The guiding philosophy behind the party-list system is clear enough. As the Supreme Court put it in 2001: “The party-list system is a social justice tool designed not only to give more law to the great masses of our people who have less in life, but also to enable them to become veritable lawmakers themselves, empowered to participate directly in the enactment of laws designed to benefit them. It intends to make the marginalized and the underrepresented not merely passive recipients of the State's benevolence, but active participants in the mainstream of representative democracy. Thus, allowing all individuals and groups, including those which now dominate district elections, to have the same opportunity to participate in party-list elections would desecrate this lofty objective and mongrelize the social justice mechanism into an atrocious veneer for traditional politics.”
Philosophy, however, must be brought down to the level of practice. To do this, two important questions must be answered. First, what parties and organizations my participate in the party-list system? Second, who may become party-list representatives? The answer to the first question is clearer than the answer to the second.
The Constitutional Commission of 1986 itself did not have a clear answer to either question. It did say, however, through Section 5, Article VI that members of the House of Representatives may "be elected through a party-list system of registered national, regional, and sectoral parties or organizations." From this it can be deduced that political parties are not excluded from participation in the system.
But then the provision goes on to say that the seats for the “party-list representatives shall be filled, as provided by law, by selection or election from the labor, peasant, urban poor, indigenous cultural communities, women, youth, and such other sectors as may be provided by law, except the religious sector." The phrases “as provided by law” and “as may be provided by law” have given to Congress the discretion to lay down some of the details for the system.
This the Congress did through R.A. 7941 which specified that the participating organizations must be such as “will enable Filipino citizens belonging to marginalized and underrepresented sectors, organizations and parties, and who lack well-defined political constituencies but who could contribute to the formulation and enactment of appropriate legislation that will benefit the nation as a whole, to become members of the House of Representatives. Towards this end, the State shall develop and guarantee a full, free and open party system in order to attain the broadest possible representation of party, sectoral or group interests in the House of Representatives by enhancing their chances to compete for and win seats in the legislature, and shall provide the simplest scheme possible."

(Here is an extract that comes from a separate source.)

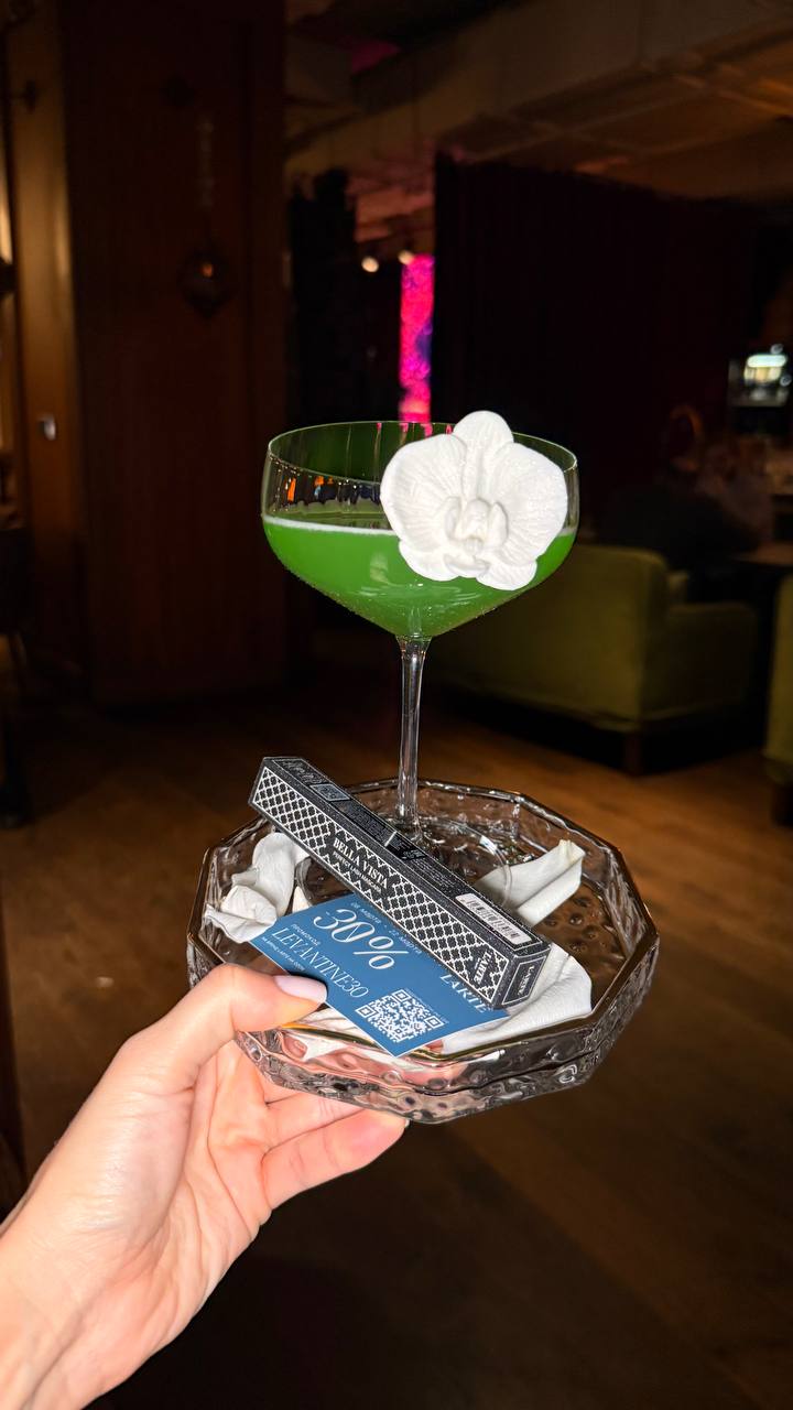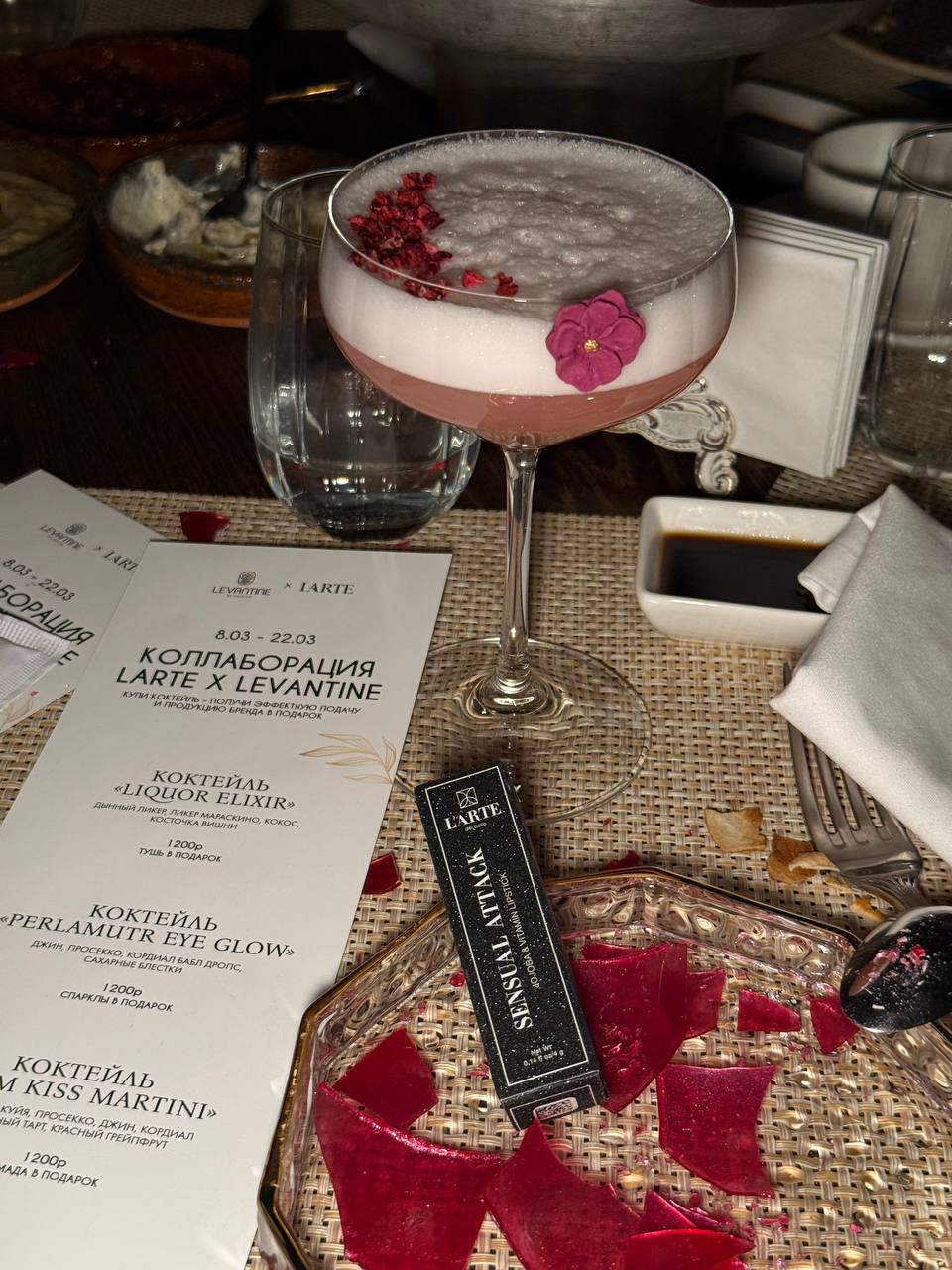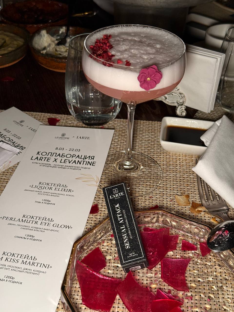 А коллаборация такова: в ресторане LEVANTINE можно купить коктейли и к каждому коктейлю будет подарок (тушь, помада с кнопкой, сияющие тени).

On the basis of these provisions a divided Supreme Court made the ruling that the intent of the Constitutional Commission and of the implementing statute, R.A. 7941, was not to allow all associations to participate indiscriminately in the system but to limit participation to parties or organizations representing the "marginalized and underprivileged.” The Court said that even political parties must comply with this requirement.
We now have a whole slew of organizations claiming to be “marginalized and underprivileged.” They claim to possess the qualitative requirement of being “marginalized and underprivileged,” qualities which can be verified from the activities and goals of the organization.
But what of a nominee who seeks to represent the “marginalized or underprivileged sector.” What qualities must he or she possess? The same 2001 decision said that the law “mandates a state policy of promoting proportional representation by means of the Filipino-style party-list system, which will ‘enable’ the election to the House of Representatives of Filipino citizens, 1. who belong to marginalized and underrepresented sectors, organizations and parties; and 2. who lack well-defined constituencies; but 3. who could contribute to the formulation and enactment of appropriate legislation that will benefit the nation as a whole.”
R.A. 7941 itself says that a party-list representative must be “a bona fide member of the party or organization which he seeks to represent for at least ninety (90) days preceding the day of the election.” In other words, the law, as interpreted by the Court, prescribes the ideological requirement of having a heart that belongs to a marginalized and underprivileged sector.
This requirement for the party-list nominee is the tricky part. It is easy enough to deduce from the constitutional provision that the organizations involved in the system must belong to the marginalized and underprivileged sector. Moreover, that the organizations possess this quality can be verified. But personal ideological quality, while not easily disproved, can easily be feigned. Besides, it is not all that clear from the law that a nominee himself or herself must also belong to the marginalized and underprivileged class. Indeed, it is quite possible for one belonging to the elite class of society to be a member of a marginalized organization because he or she has a heart that bleeds for the underprivileged. In fact, in the constitutional enumeration of the qualifications of members of the House, the only thing that differentiates party-list representatives from district representatives is that that they need not be residents in any particular district. Should this list of qualifications be read as exclusive or can Congress add an ideological qualification?
How the Comelec and the Electoral Tribunal will apply this requirement to high profile party-list nominees, such as Mikey Arroyo, remains to be seen.